How can anyone get a firearm and not learn to break it down to clean it?????????? thats jus' stooooopid:smt011


----------



## Charlie (May 13, 2006)

What kind of optics is that on it? (did I say that right?)


----------



## scooter (May 9, 2006)

Charlie said:


> What kind of optics is that on it? (did I say that right?)

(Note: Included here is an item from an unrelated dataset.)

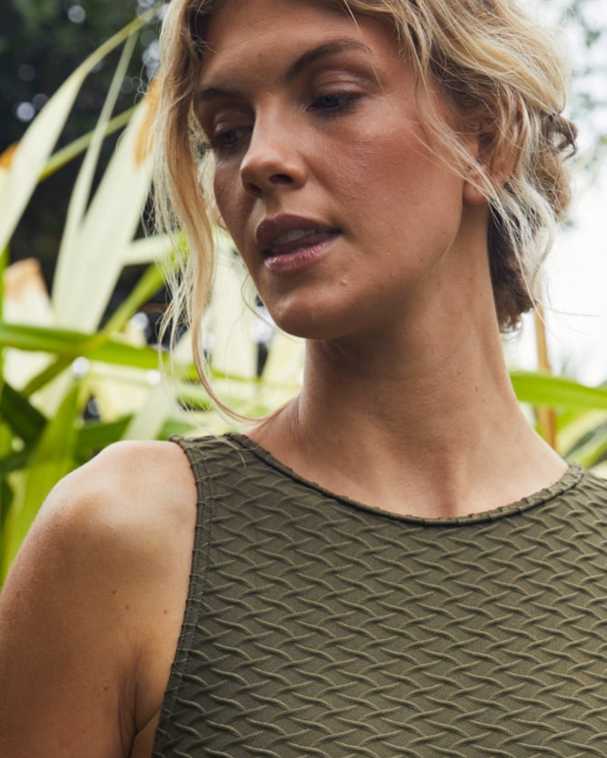 Classic high-neck swimsuit in our signature fabric. Also works great as a summer top.
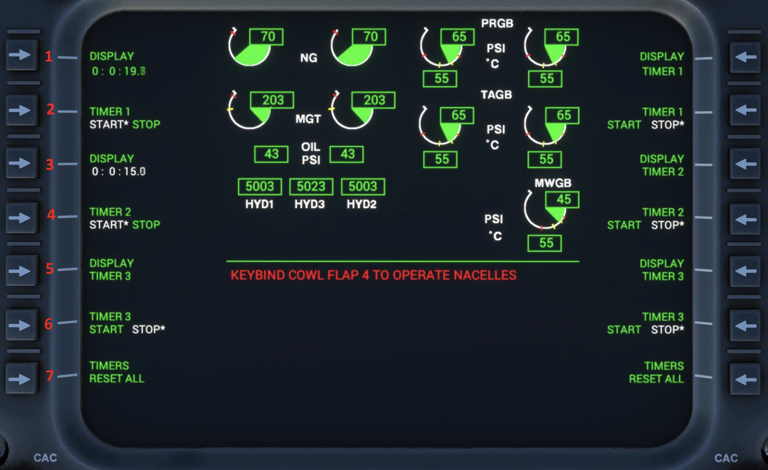 <figure><img src="https://2097992004-files.gitbook.io/~/files/v0/b/gitbook-x-prod.appspot.com/o/spaces%2FPEYB5ha9hkXpOBVaiED0%2Fuploads%2Fp9uXxKoB5yQlEnk7gVSj%2Fimage.png?alt=media&#x26;token=06e1646c-5a45-4aca-9cfe-428fd04750d9" alt=""><figcaption><p>Figure: Timer Menu (CDU)</p></figcaption></figure>

Its a NoSTAR 4X30re, The crosshairs light up red if ya turn the knob one way and they light up green if ya turn it the other,center position is normal cross.Never seen one til now but I think I like it so far


----------



## Charlie (May 13, 2006)

Ain't technology grand...................:smt082


----------



## Thor (May 11, 2006)

DPMS ain't too far from me. They don't sell over the counter. Their range will sell their guns, but at FULL MSRP. I can get better deals from a regular gun dealer. I've heard good and bad about DPMS rifles. The bad was mostly about the cheap plastic magazines they were using for their .308 flavors. I'm not overly impressed with the owner and CEO, Randy Luth. He lives in the town I just moved away from. I still haven't justified to myself the expense or needs of a .223. I'll have to stick with my AKs for a while, I suppose.


----------



## tony pasley (May 6, 2006)

it should be a wonderful dance with your newest lady enjoy mine alot


----------



## Rustycompass (Jun 25, 2006)

Scooter,
Congrats Man......... she's sweeet.


----------



## Baldy (Jun 21, 2006)

Have fun and give us a good range report tomorrow evening.


----------



## scooter (May 9, 2006)

Okay here it is,1st I am sunburned ,2nd I am windburned and 3rd did I say I am sunburned??But I had a blast.
My brother took his Girande out too and we leveled a hillside in only 2 hours:mrgreen: :mrgreen: 
I put 300 rounds thru the rifle and NOT 1 problem,sweet as can be 
Did havta chase the scope for a while cuz I didnt notice at first it was just loose enough on the rail to move a little during recoil but after that I got zero good enough for now.Ill zero it better on sand bags later.....todays was for fun.
Took the A-15, my kimber 45 and my lil 380 to see if'n it even still worked, after all it has had a LOOOONG vacation in the safe but it did ok.
The rifle was shot at 75 yds(I hate walking ),the 45 shot at 7 yds rapid fire as fast as I could shoot and pop in another mag(5 mags total) and the 380 target only has the first mag on the paper, the rest were shot at pop cans and critters.
All in all a very good day,but now Ive got that nasty "clean yer guns chore left..........mebbe tomorrow,when the grin fades some:mrgreen:


----------



## 2400 (Feb 4, 2006)

Looks and sounds like you had a GREAT time. :smt023 :smt033 

Since that rifle is all nasty and dirty now, send it to me! I'll take care of it so you can stay clean. :mrgreen: :mrgreen:


----------



## scooter (May 9, 2006)

2400 said:


> Looks and sounds like you had a GREAT time. :smt023 :smt033
> 
> Since that rifle is all nasty and dirty now, send it to me! I'll take care of it so you can stay clean. :mrgreen: :mrgreen:


Ummmm... How 'bout I letcha know AFTER I take the how gross are ya test..


----------



## 2400 (Feb 4, 2006)

scooter said:


> Ummmm... How 'bout I letcha know AFTER I take the how gross are ya test..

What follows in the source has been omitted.